### [Task instructions]
Although the material holds pictures, none belong in the copy; transcribe exactly, and only, the lines from the one with "En stilren, lidt" through the end.
---------- Provided data
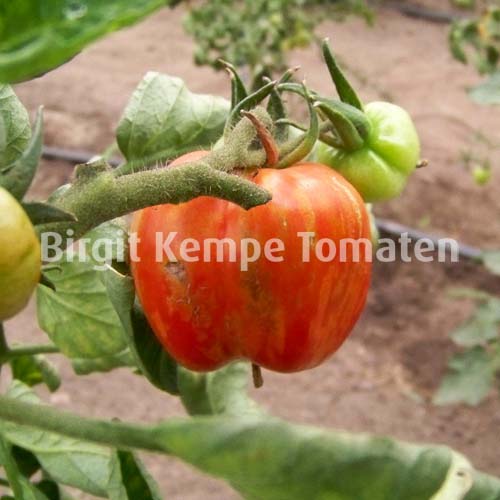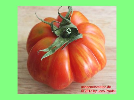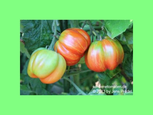 mittelgroße, blockpaprikaförmige (kleinere Früchte zapfenförmige), überwiegend stark gerippte, leuchtend rote Früchte mit orangegelben Streifen und oft noch grünlichen Flecken
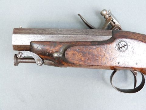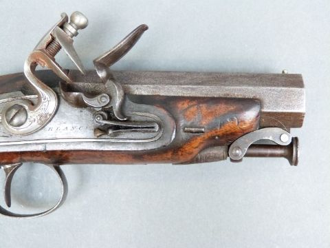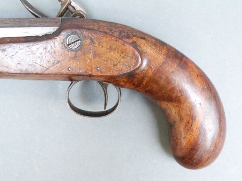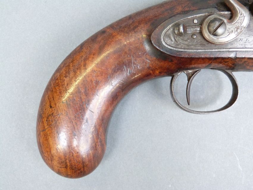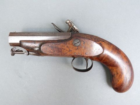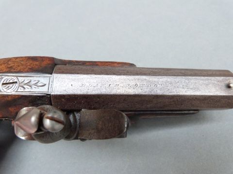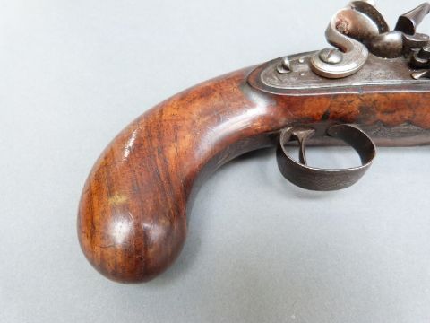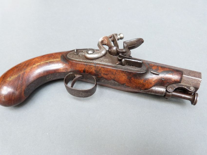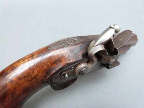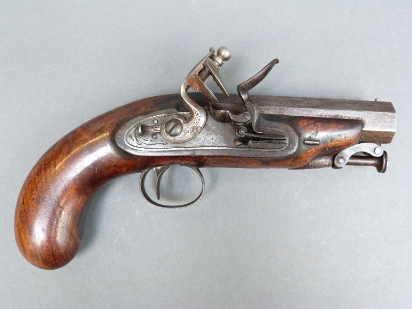 John Blanch of London 18 bore flintlock hammer action pistol with named and engraved lock and hammer, walnut stock, feather engraved top plate, engraved pineapple finialled trigger guard, captive ram-rod and 3.7 inch octagonal smooth bored barrel engraved 'Blanch London', overall length 22cm.
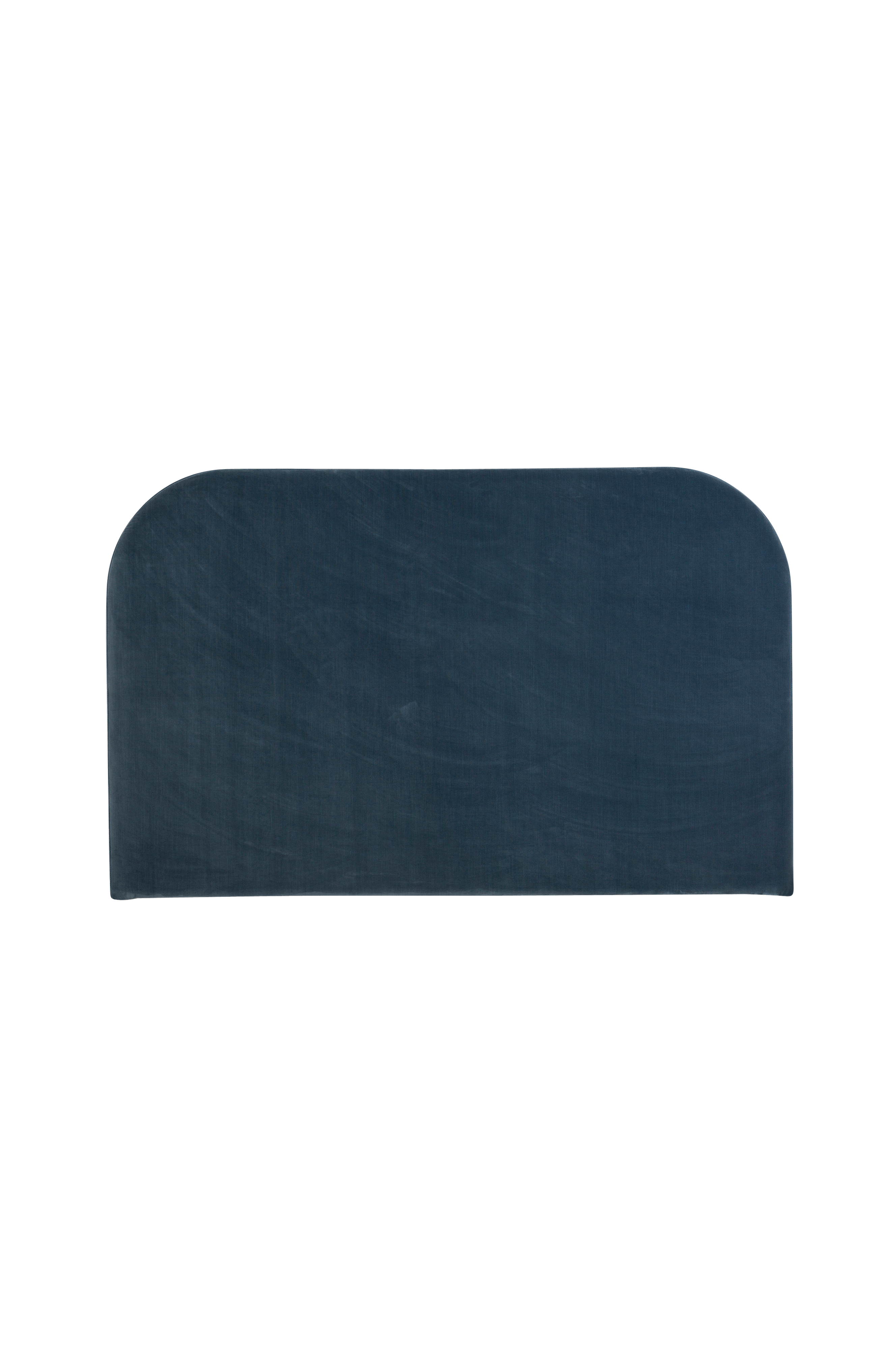 En stilren, lidt lavere sengegavl med blødt afrundede hjørner, beklædt i velour (100% polyester) som giver en fin glans. Højde: 100 cm. Leveres med 3 cm høje dupper.
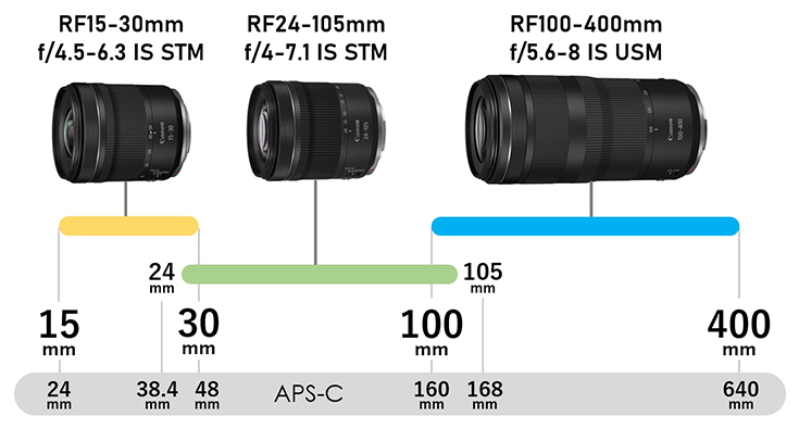 When combined with the existing RF24-105mm f/4-7.1 IS STM and RF100-400mm f/5.6-8 IS STM, you get a reasonably-priced lens trinity that covers a very large 15mm to 400mm focal length range in full-frame equivalent terms. On APS-C cameras like the EOS R7 and EOS R10, the RF15-30mm f/4.5-6.3 IS STM offers an angle of view equivalent to 24 to 48mm in full-frame equivalent terms, which means a range of 24mm to 640mm on all three lenses. The best thing is that you can still use them if you decide to upgrade to a full-frame EOS R camera later on—and then, not only would you be able to shoot without the crop factor, you can also continue to enjoy shooting with the full image sensor resolution!
--------------------
### [Task output]
 En stilren, lidt lavere sengegavl med blødt afrundede hjørner, beklædt i velour (100% polyester) som giver en fin glans. Højde: 100 cm. Leveres med 3 cm høje dupper.
 When combined with the existing RF24-105mm f/4-7.1 IS STM and RF100-400mm f/5.6-8 IS STM, you get a reasonably-priced lens trinity that covers a very large 15mm to 400mm focal length range in full-frame equivalent terms. On APS-C cameras like the EOS R7 and EOS R10, the RF15-30mm f/4.5-6.3 IS STM offers an angle of view equivalent to 24 to 48mm in full-frame equivalent terms, which means a range of 24mm to 640mm on all three lenses. The best thing is that you can still use them if you decide to upgrade to a full-frame EOS R camera later on—and then, not only would you be able to shoot without the crop factor, you can also continue to enjoy shooting with the full image sensor resolution!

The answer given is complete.